▶ _Your objective_
Repeat the listing that follows exactly. Pictures are not part of the copy.

[Source material — start]

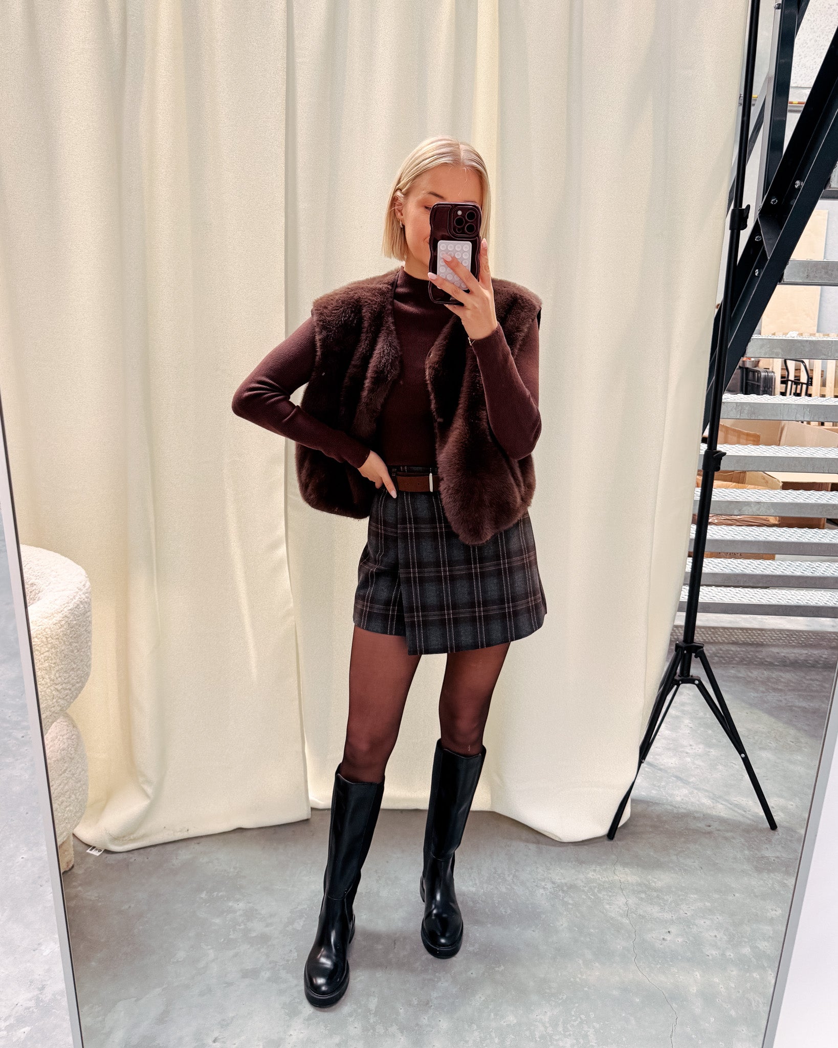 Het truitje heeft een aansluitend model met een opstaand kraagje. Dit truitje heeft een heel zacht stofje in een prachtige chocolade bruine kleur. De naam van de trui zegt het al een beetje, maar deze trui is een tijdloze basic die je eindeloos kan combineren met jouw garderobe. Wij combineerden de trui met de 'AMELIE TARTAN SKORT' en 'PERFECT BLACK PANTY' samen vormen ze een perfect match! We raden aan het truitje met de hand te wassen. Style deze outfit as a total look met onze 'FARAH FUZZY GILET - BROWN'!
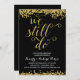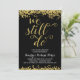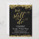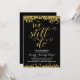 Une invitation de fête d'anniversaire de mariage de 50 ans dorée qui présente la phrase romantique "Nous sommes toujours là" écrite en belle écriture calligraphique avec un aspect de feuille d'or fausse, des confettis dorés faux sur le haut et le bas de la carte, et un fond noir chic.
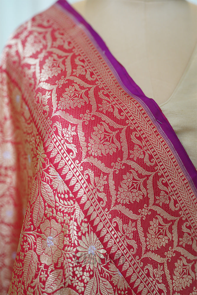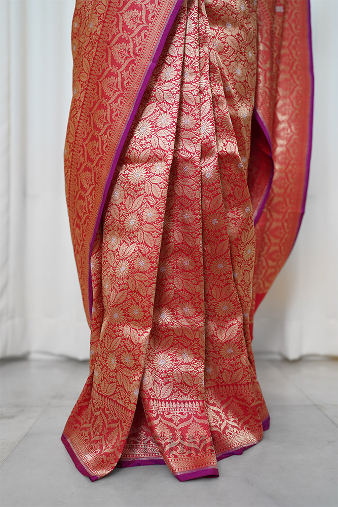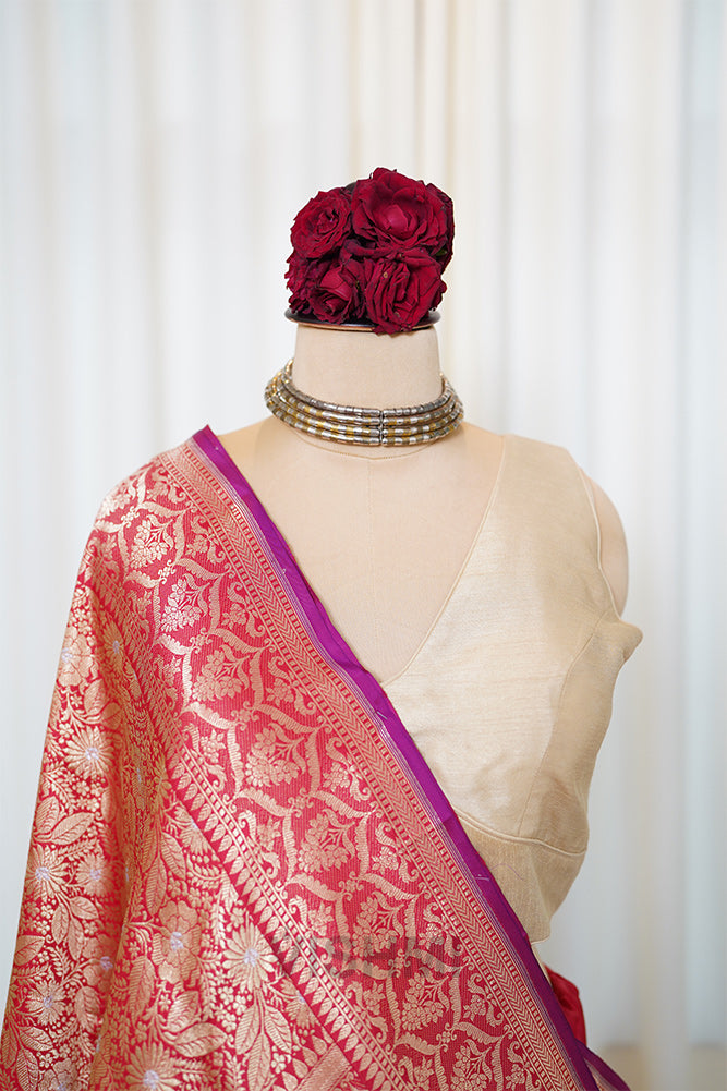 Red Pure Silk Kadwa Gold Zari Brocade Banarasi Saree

[Source material — finish]

▶ _Written response_
 Het truitje heeft een aansluitend model met een opstaand kraagje. Dit truitje heeft een heel zacht stofje in een prachtige chocolade bruine kleur. De naam van de trui zegt het al een beetje, maar deze trui is een tijdloze basic die je eindeloos kan combineren met jouw garderobe. Wij combineerden de trui met de 'AMELIE TARTAN SKORT' en 'PERFECT BLACK PANTY' samen vormen ze een perfect match! We raden aan het truitje met de hand te wassen. Style deze outfit as a total look met onze 'FARAH FUZZY GILET - BROWN'!
 Une invitation de fête d'anniversaire de mariage de 50 ans dorée qui présente la phrase romantique "Nous sommes toujours là" écrite en belle écriture calligraphique avec un aspect de feuille d'or fausse, des confettis dorés faux sur le haut et le bas de la carte, et un fond noir chic.
 Red Pure Silk Kadwa Gold Zari Brocade Banarasi Saree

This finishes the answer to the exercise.